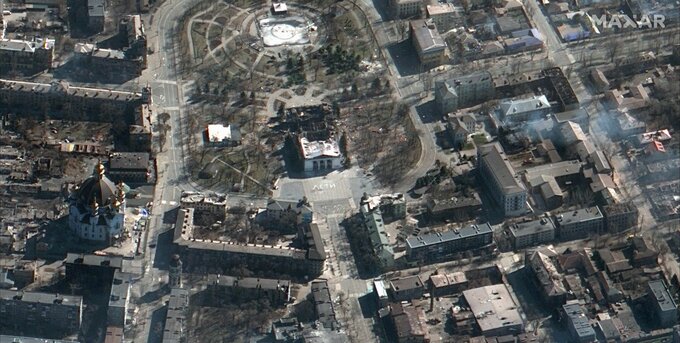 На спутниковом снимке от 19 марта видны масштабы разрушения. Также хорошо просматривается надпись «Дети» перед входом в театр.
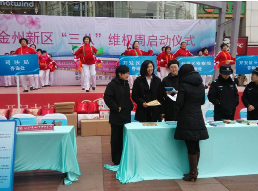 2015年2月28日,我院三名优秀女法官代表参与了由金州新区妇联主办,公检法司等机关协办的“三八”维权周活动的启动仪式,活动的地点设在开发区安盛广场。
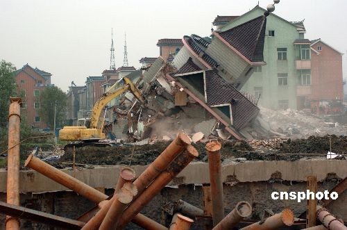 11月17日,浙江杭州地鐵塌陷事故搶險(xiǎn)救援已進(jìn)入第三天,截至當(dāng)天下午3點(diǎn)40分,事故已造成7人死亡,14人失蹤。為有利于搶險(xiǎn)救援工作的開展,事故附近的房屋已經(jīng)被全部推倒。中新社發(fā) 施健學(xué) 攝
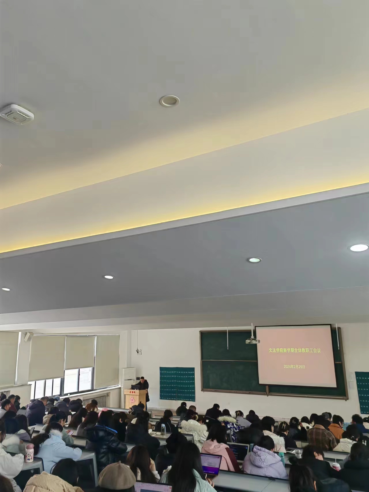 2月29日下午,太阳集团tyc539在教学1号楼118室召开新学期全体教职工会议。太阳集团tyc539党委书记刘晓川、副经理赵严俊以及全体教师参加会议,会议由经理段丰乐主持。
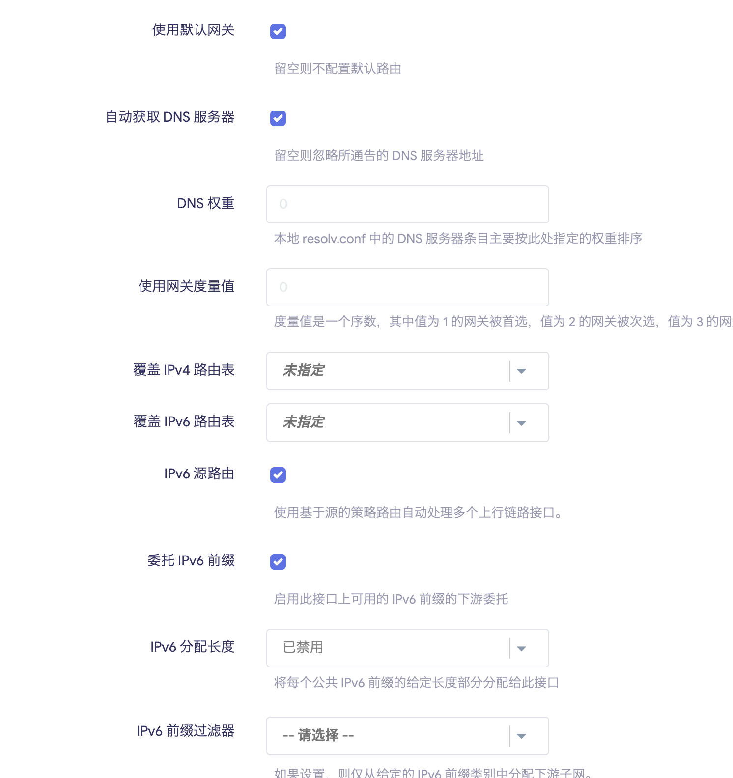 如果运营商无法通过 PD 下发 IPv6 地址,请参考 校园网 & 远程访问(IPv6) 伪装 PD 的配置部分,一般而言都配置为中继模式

# # #

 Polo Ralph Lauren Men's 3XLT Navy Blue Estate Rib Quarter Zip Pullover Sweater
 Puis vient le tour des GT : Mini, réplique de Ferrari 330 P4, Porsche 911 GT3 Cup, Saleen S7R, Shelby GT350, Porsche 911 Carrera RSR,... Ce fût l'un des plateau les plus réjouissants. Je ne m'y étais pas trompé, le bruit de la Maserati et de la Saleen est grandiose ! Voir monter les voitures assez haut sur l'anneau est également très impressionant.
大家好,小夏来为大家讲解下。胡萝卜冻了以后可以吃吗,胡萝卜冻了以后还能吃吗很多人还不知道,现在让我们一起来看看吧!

# # #

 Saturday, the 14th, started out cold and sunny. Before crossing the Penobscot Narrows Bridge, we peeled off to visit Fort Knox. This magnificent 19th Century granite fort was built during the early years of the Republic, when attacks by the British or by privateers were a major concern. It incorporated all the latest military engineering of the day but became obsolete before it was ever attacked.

# # #

(WHAT YOU NEED TO DO) Whatever pictures the records hold, omit them; give again exactly the lines from the one containing "2015年2月28日,我院三" through the one containing "如果运营商无法通过 PD 下发".

(EXERCISE ANSWER)
 2015年2月28日,我院三名优秀女法官代表参与了由金州新区妇联主办,公检法司等机关协办的“三八”维权周活动的启动仪式,活动的地点设在开发区安盛广场。
 11月17日,浙江杭州地鐵塌陷事故搶險(xiǎn)救援已進(jìn)入第三天,截至當(dāng)天下午3點(diǎn)40分,事故已造成7人死亡,14人失蹤。為有利于搶險(xiǎn)救援工作的開展,事故附近的房屋已經(jīng)被全部推倒。中新社發(fā) 施健學(xué) 攝
 2月29日下午,太阳集团tyc539在教学1号楼118室召开新学期全体教职工会议。太阳集团tyc539党委书记刘晓川、副经理赵严俊以及全体教师参加会议,会议由经理段丰乐主持。
 如果运营商无法通过 PD 下发 IPv6 地址,请参考 校园网 & 远程访问(IPv6) 伪装 PD 的配置部分,一般而言都配置为中继模式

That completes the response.